* **Exercise description**
Only the lines from the one with "Pour le 1er" through the final line below belong in the answer, copied exactly and without pictures.

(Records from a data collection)
········

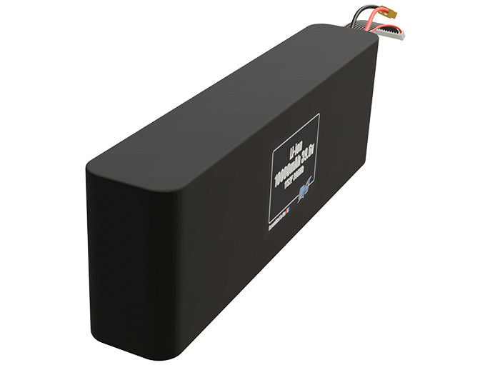 Angled product render of the 10000mAh twenty-two-cell Li-ion pack. A lightweight energy source for UAV, drone, and robotic builds.
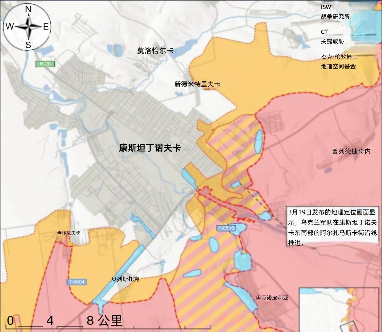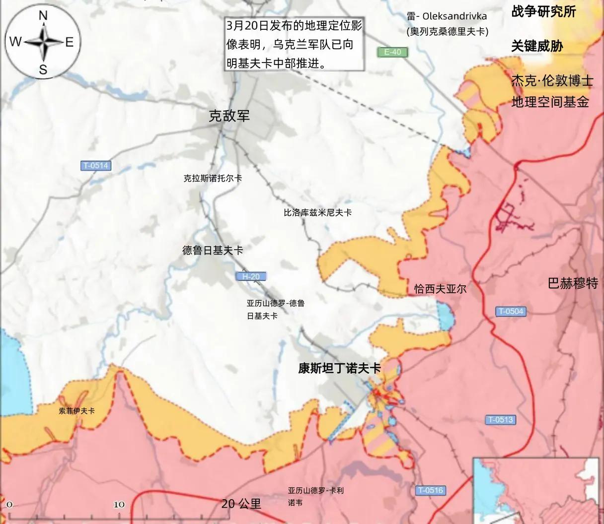 决战双子城之外围争夺:乌军两日三捷 3月19日至20日,地理定位视频显示,乌军在利曼、康斯坦丁诺夫卡连获三捷,有效遏制俄军多路突击态势,稳固双子城北部与东北翼关键屏障,为整体防御争取主动。 在利曼方向,3月19日发布的地理定位 视频显示,乌军在亚姆皮尔南部(利曼东南)完成战术推进。 当天,俄军在利曼周边发起全域攻势。乌军利曼方向某旅发言人披露,俄军莫斯科军区第20诸兵种合成集团军投入的步兵仅接受不足一周基础训练,远低于2025年中后期一月标准训练周期,兵员素质与作战能力显著下滑。 乌克兰顿涅茨克州军事行政长官菲拉什金3月20日下令,对斯拉维扬斯克区域实施儿童强制撤离。 在康斯坦丁诺夫卡方向,3月19、20日地理定位视频确认,乌军在康斯坦丁诺夫卡东南及明基夫卡中心(康斯坦丁诺夫卡东北)成功推进,加上利曼方向的推进,两日内乌军在双子城外围拿下三个战术要点。 俄军事博主宣称俄军在新帕夫利夫卡以北(德鲁日科夫卡西南)推进,该消息尚未获证实。 亲克里姆林宫俄军事博主3月20日援引地理定位视频称,乌军或控制恰索夫亚尔西南舍甫琴科微区,乌军持续坚守恰索夫亚尔,直接阻断俄军迂回包抄康斯坦丁诺夫卡的战术企图,为双子城正面防御筑牢侧翼。 乌克兰顿涅茨克州检察院通报,3月20日俄军FPV无人机袭击亚历山德里夫卡-德鲁日科夫卡救护车,造成2名平民死亡、2人受伤。 (本文部分参考战争研究所报告)
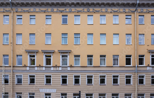 © orininskaya, Fototapeta premium Vintage architecture classical facade in Empire style with military garlands and laurel wreaths front view
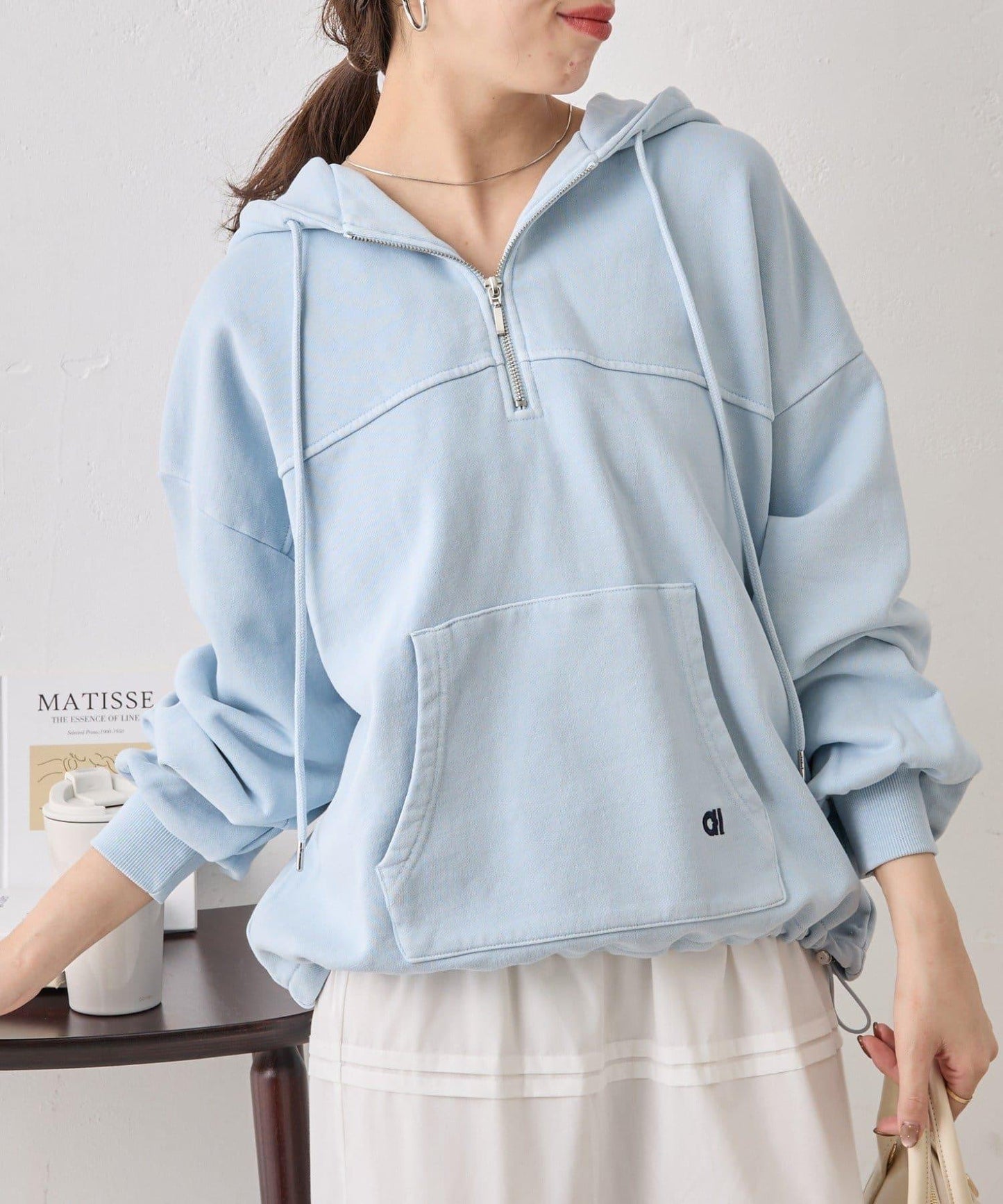 寬鬆版型的半拉鍊連帽衫,造型可愛。
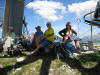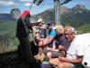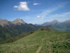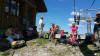 Pour le 1er groupe, départ à Routhennes hameau de Sainte Reine ( 910 m). Quant au 2e groupe, nous sommes six à débuter la balade au parking ‘Les Ginets » (alt.1020m) à deux pas de la station de ski des Aillons. Un regard sur le Colombier et les rochers de la Bade et c’est parti pour une montée soutenue dans les prés. Après un passage (facultatif…) en forêt, sur un terrain plus adapté à l’agilité des chevreuils qu’à celle des randonneurs, nous gagnons le joli sentier qui mène tout droit au Mont Pelat. Eblouis par la blancheur de la chaîne de Belledonne et admiratifs devant l’altière forteresse de l’Arclusaz, nous poursuivons vers nos amis en vue sur le Mont Morbié (1542m). Une dernière grimpette sous le chaud soleil et nous voilà tous (17) à l’arrivée du télésiège des Aillons. Tournée générale de Clinton, piquenique sympa avec dégustation de pâtisseries maison, petite sieste à l’ombre ou au soleil et chaque groupe reprend son itinéraire en boucle (pour nous la longue piste bleue passant par le col de la Sciaz).
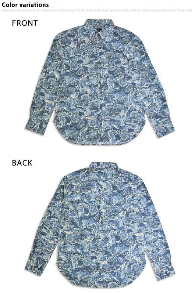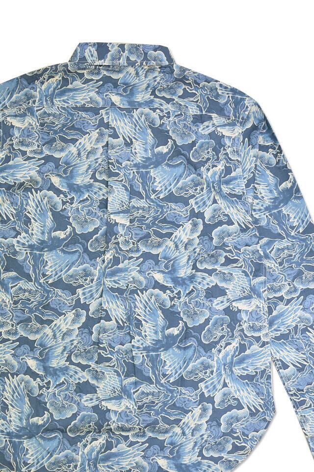 抜染調長袖レギュラーカラーシャツ「松鷹」 衣櫻 SA-1724 和柄 和風 日本製 国産 総柄

········

* **Your response**
 Pour le 1er groupe, départ à Routhennes hameau de Sainte Reine ( 910 m). Quant au 2e groupe, nous sommes six à débuter la balade au parking ‘Les Ginets » (alt.1020m) à deux pas de la station de ski des Aillons. Un regard sur le Colombier et les rochers de la Bade et c’est parti pour une montée soutenue dans les prés. Après un passage (facultatif…) en forêt, sur un terrain plus adapté à l’agilité des chevreuils qu’à celle des randonneurs, nous gagnons le joli sentier qui mène tout droit au Mont Pelat. Eblouis par la blancheur de la chaîne de Belledonne et admiratifs devant l’altière forteresse de l’Arclusaz, nous poursuivons vers nos amis en vue sur le Mont Morbié (1542m). Une dernière grimpette sous le chaud soleil et nous voilà tous (17) à l’arrivée du télésiège des Aillons. Tournée générale de Clinton, piquenique sympa avec dégustation de pâtisseries maison, petite sieste à l’ombre ou au soleil et chaque groupe reprend son itinéraire en boucle (pour nous la longue piste bleue passant par le col de la Sciaz).
 抜染調長袖レギュラーカラーシャツ「松鷹」 衣櫻 SA-1724 和柄 和風 日本製 国産 総柄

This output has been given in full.